How does registers seem to change?

• I log the state of registers whenever the value at register 0 is updated
• This reveals an interesting pattern

[ 1,  888, 7, 888,   1, 1 ]
[ 3,  444, 7, 888,   2, 1 ]
[ 6,  296, 7, 888,   3, 1 ]
[ 10, 222, 7, 888,   4, 1 ]
[ 16, 148, 7, 888,   6, 1 ]
[ 24, 111, 7, 888,   8, 1 ]
[ 36,  74, 7, 888,  12, 1 ]
[ 60,  37, 7, 888,  24, 1 ]
[ 97,  24, 7, 888,  37, 1 ]
[ 171, 12, 7, 888,  74, 1 ]
[ 282,  8, 7, 888, 111, 1 ]
[ 430,  6, 7, 888, 148, 1 ]
[ 652,  4, 7, 888, 222, 1 ]
[ 948,  3, 7, 888, 296, 1 ]
[ 1392, 2, 7, 888, 444, 1 ]
[ 2280, 1, 7, 888, 888, 1 ]

Interesting:

• The values at indices 1 and 4 are in reverse-identical order!

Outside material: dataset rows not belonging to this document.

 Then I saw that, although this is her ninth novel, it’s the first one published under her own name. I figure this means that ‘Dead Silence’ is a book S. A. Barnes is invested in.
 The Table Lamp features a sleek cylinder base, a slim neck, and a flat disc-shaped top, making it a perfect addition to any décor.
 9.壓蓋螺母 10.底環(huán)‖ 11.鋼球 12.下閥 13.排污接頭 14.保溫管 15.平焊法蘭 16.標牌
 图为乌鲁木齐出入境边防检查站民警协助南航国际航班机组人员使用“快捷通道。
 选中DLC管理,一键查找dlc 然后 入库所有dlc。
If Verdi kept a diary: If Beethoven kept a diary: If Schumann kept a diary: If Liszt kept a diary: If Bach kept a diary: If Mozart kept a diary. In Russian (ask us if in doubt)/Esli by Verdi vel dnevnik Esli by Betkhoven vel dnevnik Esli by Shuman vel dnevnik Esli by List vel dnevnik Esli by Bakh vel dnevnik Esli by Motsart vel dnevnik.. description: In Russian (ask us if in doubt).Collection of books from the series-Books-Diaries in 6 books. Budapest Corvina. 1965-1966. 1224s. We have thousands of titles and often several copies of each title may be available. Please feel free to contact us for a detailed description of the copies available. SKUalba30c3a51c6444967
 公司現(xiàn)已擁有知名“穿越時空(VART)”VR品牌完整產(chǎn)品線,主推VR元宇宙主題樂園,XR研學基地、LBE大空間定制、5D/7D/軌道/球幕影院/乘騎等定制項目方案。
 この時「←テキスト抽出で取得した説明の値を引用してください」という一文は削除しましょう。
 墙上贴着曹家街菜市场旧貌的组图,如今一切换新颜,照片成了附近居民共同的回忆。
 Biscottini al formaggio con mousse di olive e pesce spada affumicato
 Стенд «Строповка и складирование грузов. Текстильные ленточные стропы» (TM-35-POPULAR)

When I attempt to run the program with register 0's value as 1, I see this much output before the program stops:

[   0, 0, 34, 10551288, 0, 10550400 ]
[   1, 10551288, 7, 10551288,  1, 1 ]
[   3,  5275644, 7, 10551288,  2, 1 ]
[   6,  3517096, 7, 10551288,  3, 1 ]
[  10,  2637822, 7, 10551288,  4, 1 ]
[  16,  1758548, 7, 10551288,  6, 1 ]
[  24,  1318911, 7, 10551288,  8, 1 ]
[  35,   959208, 7, 10551288, 11, 1 ]
[  47,   879274, 7, 10551288, 12, 1 ]
[  64,   620664, 7, 10551288, 17, 1 ]
[  86,   479604, 7, 10551288, 22, 1 ]
[ 110,   439637, 7, 10551288, 24, 1 ]
[ 143,   319736, 7, 10551288, 33, 1 ]
[ 177,   310332, 7, 10551288, 34, 1 ]

Unfortunately, I can't determine whether the values in indices 1 and 4 ever cross paths.

I sense that they do.

Sadly, I can't think critically enough to further inspect the program or the state of registers at any given time to identify the remaining trajectory of outputs

Celebrating my accomplishments

• I solved Part 1!
• I've now solved 3/4 opcode-themed puzzles this year
• I know my device works well enough to attempt Day 21's puzzle

Bummers:

• I didn't solve Part 2
• No GIFs: I spent enough time walking through each example here in the post and describing my working algorithm
• No simulator: Again, there was nothing particularly interesting to see...other than how a few values changed throughout each iteration. I definitely wouldn't have been able to show every iteration in either case, given that Part 1 featured millions, and Part 2 likely featured trillions!

I'm hopeful I can acquire at least one more gold star by completing Part 1 of Day 21.